I was having a conversation with someone today about books that change the way you see the world.
I think everyone who is intellectually engaged with life has had the experience of reading something or listening to an audiobook or even coming away from a movie and everything feels different.
The experience of it stays with you in a deeper way, so that you don’t just remember an idea from the book, but you remember where you were, what you felt like, and can flash back to that experience.
I remember listening to the audiobook for Six Pillars of Self-Esteem by Nathaniel Brandon and having an experience like that, reading Atlas Shrugged and Crime and Punishment, I remember watching that Matrix at a kid at a friend’s house. I would have been 9 or 10 at the time, but I still remember what his living room was like while watching it.
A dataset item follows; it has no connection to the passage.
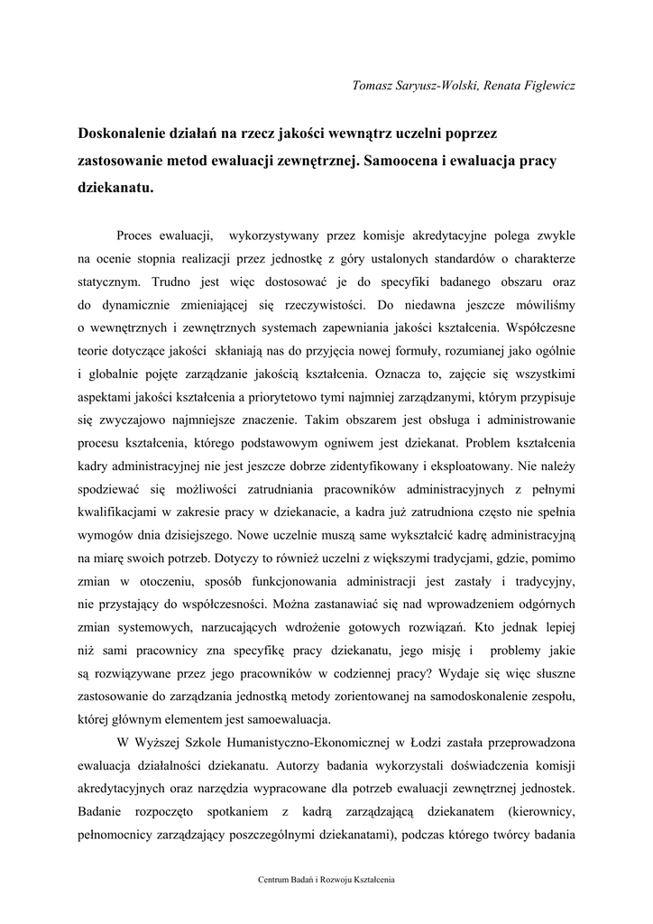 Tomasz Saryusz-Wolski, Renata Figlewicz Doskonalenie działań na rzecz jakości wewnątrz uczelni poprzez zastosowanie metod ewaluacji zewnętrznej. Samoocena i ewaluacja pracy dziekanatu. Proces ewaluacji, wykorzystywany przez komisje akredytacyjne polega zwykle na ocenie stopnia realizacji przez jednostkę z góry ustalonych standardów o charakterze statycznym. Trudno jest więc dostosować je do specyfiki badanego obszaru oraz do dynamicznie zmieniającej się rzeczywistości. Do niedawna jeszcze mówiliśmy o wewnętrznych i zewnętrznych systemach zapewniania jakości kształcenia. Współczesne teorie dotyczące jakości skłaniają nas do przyjęcia nowej formuły, rozumianej jako ogólnie i globalnie pojęte zarządzanie jakością kształcenia. Oznacza to, zajęcie się wszystkimi aspektami jakości kształcenia a priorytetowo tymi najmniej zarządzanymi, którym przypisuje się zwyczajowo najmniejsze znaczenie. Takim obszarem jest obsługa i administrowanie procesu kształcenia, którego podstawowym ogniwem jest dziekanat. Problem kształcenia kadry administracyjnej nie jest jeszcze dobrze zidentyfikowany i eksploatowany. Nie należy spodziewać się możliwości zatrudniania pracowników administracyjnych z pełnymi kwalifikacjami w zakresie pracy w dziekanacie, a kadra już zatrudniona często nie spełnia wymogów dnia dzisiejszego. Nowe uczelnie muszą same wykształcić kadrę administracyjną na miarę swoich potrzeb. Dotyczy to również uczelni z większymi tradycjami, gdzie, pomimo zmian w otoczeniu, sposób funkcjonowania administracji jest zastały i tradycyjny, nie przystający do współczesności. Można zastanawiać się nad wprowadzeniem odgórnych zmian systemowych, narzucających wdrożenie gotowych rozwiązań. Kto jednak lepiej niż sami pracownicy zna specyfikę pracy dziekanatu, jego misję i problemy jakie są rozwiązywane przez jego pracowników w codziennej pracy? Wydaje się więc słuszne zastosowanie do zarządzania jednostką metody zorientowanej na samodoskonalenie zespołu, której głównym elementem jest samoewaluacja. W Wyższej Szkole Humanistyczno-Ekonomicznej w Łodzi zastała przeprowadzona ewaluacja działalności dziekanatu. Autorzy badania wykorzystali doświadczenia komisji akredytacyjnych oraz narzędzia wypracowane dla potrzeb ewaluacji zewnętrznej jednostek. Badanie rozpoczęto spotkaniem z kadrą zarządzającą dziekanatem (kierownicy, pełnomocnicy zarządzający poszczególnymi dziekanatami), podczas którego twórcy badania Centrum Badań i Rozwoju Kształcenia przedstawili cel i metodę pracy nad samodoskonaleniem. Przekonanie pracowników co do słuszności zaproponowanej drogi ułatwiło znacznie pracę w następnych etapach badania i spowodowało ogromne zaangażowanie zainteresowanych. Po spotkaniu pracownicy dziekanatu rozpoczęli pracę nad samoewaluacją mającą zakończyć się raportem. Proponowany przez koordynatorów badania schemat został zmodyfikowany w trakcie pisania raportu, a spostrzeżone nieprawidłowości poprawiane na bieżąco. Celem samoewaluacji miało być zidentyfikowanie możliwości i ograniczeń dziekanatu oraz wskazanie możliwych sposobów podniesienia jakości jego pracy. Do przeprowadzenia samoewaluacji powstał ośmioosobowy zespół, wyłoniony spośród kierownictwa i pracowników jednostki. Samoewaluacja zakończona została sprawozdaniem sporządzonym według załączonego kwestionariusza, po przedyskutowaniu roboczej wersji sprawozdania w gronie wszystkich pracowników jednostki. Sporządzony przez dziekanat raport z samoewaluacji był efektem refleksyjnego przyjrzenia się własnym możliwościom i ograniczeniom, pojawiającym się w trakcie wypełniania obowiązków jednostki. Posłużyć miał władzom uczelni do zapoznania się z trudnościami i potrzebami wynikającymi z pełnionej przez dziekanat roli w strukturach Wyższej Szkoły Humanistyczno-Ekonomicznej w Łodzi. Bardzo istotne było sprawdzenie poprawności merytorycznej funkcjonowania dziekanatu pod kątem zgodności z obowiązującymi ustawami i zarządzeniami w tym zakresie Przeprowadzając samoewaluację wzięto pod uwagę kontekst funkcjonowania jednostki (adekwatność środków do zamierzonych lub realizowanych celów). Chodziło o aby krytycznie spojrzeć na własną działalność, aby zdać sobie sprawę z zewnętrznych ograniczeń, które mogą wpłynąć na jakość wykonywanych zadań. Pamiętano również o tym, że zadania realizowane przez jednostkę powinny zmierzać do realizacji jej funkcji i być jej w znacznym stopniu podporządkowane. Założono, że raport z samoewaluacji będzie zawierał następujące informacje: 1 Charakterystykę jednostki organizacyjnej 6.1 Rola i funkcje dziekanatu w ogólnej strukturze WSHE1 Dziekanat opisał swoją rolę i pełnione funkcje w strukturze uczelni oraz określił swoje miejsce i rolę w realizacji Misji Uczelni. 6.2 Ogólna charakterystyka jednostki Charakterystyka wykonywanych zadań oraz krótki opis współpracy z innymi jednostkami zwierzchnimi, równoległymi, podporządkowanymi. 1 Oceny funkcjonowania jednostki dokonano w oparciu o misję jaką ma ona do spełnienia. Centrum Badań i Rozwoju Kształcenia 6.1 Co wynika z działalności jednostki dla całej Uczelni. W jaki sposób dziekanat przyczynia się do rozwoju WSHE i do realizacji Misji Uczelni. Za co dziekanat odpowiada w strukturze WSHE. Za co odpowiadają jej poszczególni pracownicy w zakresie swoich obowiązków. Zalecane załączniki: Rola i funkcje działu Schemat organizacyjny jednostki 2 Podstawowe zadania jednostki i sposób ich realizacji 2.1 Plan zadań2 W tej części sprawozdania zawarto informacje na temat realizowanego przez dziekanat planu pracy. Opisane zostały cele dziekanatu oraz sposób ich realizacji. Opisano również sposoby optymalizacji pracy oraz polepszenia jej jakości. 1 Opis i analizę funkcjonowania jednostki W tej części sprawozdania opisano szczegółowy plan prac

I’ve written a few things about the four ways of knowing recently and what clicked for me today was that these life-altering books impact us on a deeper level than just learning new information, facts, or stories (propositional knowing and semantic memory). They impact us at a much deeper level and the type of memory we integrate them with is episodic memory.
Memories that we can picture and relive, like driving a car by yourself for the first time. Not all of these memories are life-changing moments, but I find that experience of seeing the world through fresh eyes leads to us retaining our experiences in this way.
I think this is one of the things I love about travel because you have places that are so linked with ideas. I remember reading Atlas Shrugged on many long-bus trips around Patagonia or listening to Louis L’Amour stories while driving between my home and Vancouver on long family road trips.
The stories and ideas infuse with your experience of life and change who you are. That’s why I think speed reading and speed listening to books is completely missing the mark. Because a book is not information to be downloaded but something to be experienced over time as it interacts with your life.
So take your time with it, spend time staring out the window of a bus after an impactful quote or wandering down a beach while you listen to an audiobook.